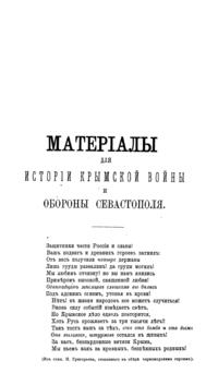 Материалы для истории Крымской войны и обороны Севастополя
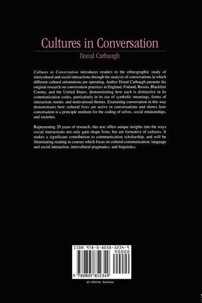 Cultures in Conversation introduces readers to the ethnographic study of intercultural and social interactions through the analysis of conversations in which various cultural orientations are operating. Author Donal Carbaugh presents his original research on conversation practices in England, Finland, Russia, Blackfeet County, and the United States, demonstrating how each is distinctive in its communication codes--particularly in its use of symbolic meanings, forms of interaction, norms, and motivational themes. Examining conversation in this way demonstrates how cultural lives are active in conversations and shows how conversation is a principal medium for the coding of selves, social relationships, and societies. Representing 20 years of research, this volume offers unique insights into the ways social interactions not only gain shape from, but also are formative of cultures. It makes a significant contribution to communication scholarship, and will be illuminating reading in courses focusing on cultural communication, language and social interaction, intercultural pragmatics, and linguistics.
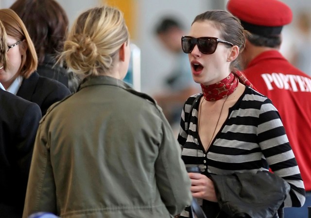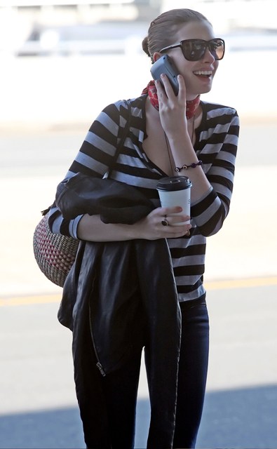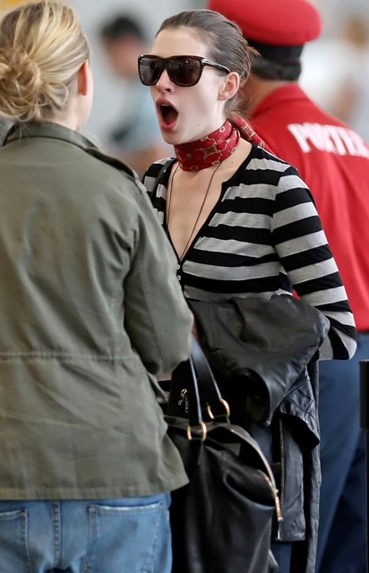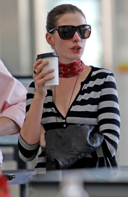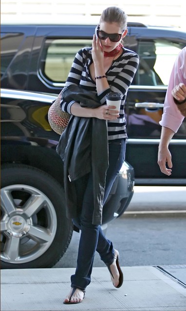 Having said that, am all over her travel attire. Stripes. Love stripes. She looks great in stripes. And the glasses cover the squirrel eye – nice. And her skin looks clean and fresh and healthy, even though like all of them she smokes like a fiend.

□ □ □ □ □ □ □

#### WORK INSTRUCTION:
Set down all of the material word for word, but keep each picture out.

#### EXERCISE ANSWER:
 Материалы для истории Крымской войны и обороны Севастополя
 Cultures in Conversation introduces readers to the ethnographic study of intercultural and social interactions through the analysis of conversations in which various cultural orientations are operating. Author Donal Carbaugh presents his original research on conversation practices in England, Finland, Russia, Blackfeet County, and the United States, demonstrating how each is distinctive in its communication codes--particularly in its use of symbolic meanings, forms of interaction, norms, and motivational themes. Examining conversation in this way demonstrates how cultural lives are active in conversations and shows how conversation is a principal medium for the coding of selves, social relationships, and societies. Representing 20 years of research, this volume offers unique insights into the ways social interactions not only gain shape from, but also are formative of cultures. It makes a significant contribution to communication scholarship, and will be illuminating reading in courses focusing on cultural communication, language and social interaction, intercultural pragmatics, and linguistics.
 Having said that, am all over her travel attire. Stripes. Love stripes. She looks great in stripes. And the glasses cover the squirrel eye – nice. And her skin looks clean and fresh and healthy, even though like all of them she smokes like a fiend.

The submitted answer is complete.